A new analytical technique of the fully implicit Crank-Nicolson discontinuous Galerkin method for the Ginzburg-Landau Model
Xianxian Cao, Zhen Guan, Junjun Wang
TL;DR
The paper develops a fully implicit Crank-Nicolson discontinuous Galerkin method for the two-dimensional Ginzburg-Landau equation with cubic nonlinearity. It proves global unique solvability and unconditional optimal error estimates in both the $L^2$-norm and the energy norm by establishing $L^2$-norm boundedness of the numerical solution and refining nonlinear term estimates, using a Brouwer fixed-point argument for existence and discrete Gronwall arguments for stability.

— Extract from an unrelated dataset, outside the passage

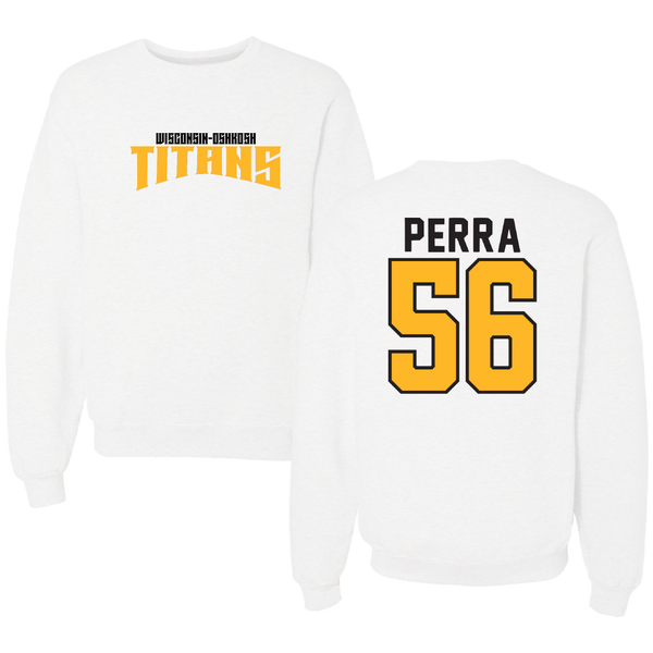 University of Wisconsin-Oshkosh Football White Classic Crewneck - #56 Spiro Perra

Numerical experiments in FreeFEM validate the theoretical results, demonstrating expected spatial convergence orders $O(h^{k+1})$ in $L^2$ and $O(h^{k})$ in the DG norm, as well as second-order temporal accuracy. The approach offers a robust framework for fully implicit schemes for nonlinear PDEs and suggests potential extensions to 3D and higher-order time discretizations.
Abstract
In this paper, a fully implicit Crank-Nicolson discontinuous Galerkin method is proposed for solving the Ginzburg-Landau equation. By leveraging a novel analytical technique, we rigorously establish the unique solvability of the constructed numerical scheme, as well as its unconditionally optimal error estimates under both the \(L^2\)-norm and the energy norm. The core of the proof hinges on the \(L^2\)-norm boundedness of the numerical solution and the refined estimation of the cubic nonlinear term. Finally, two numerical examples are presented to validate the theoretical findings.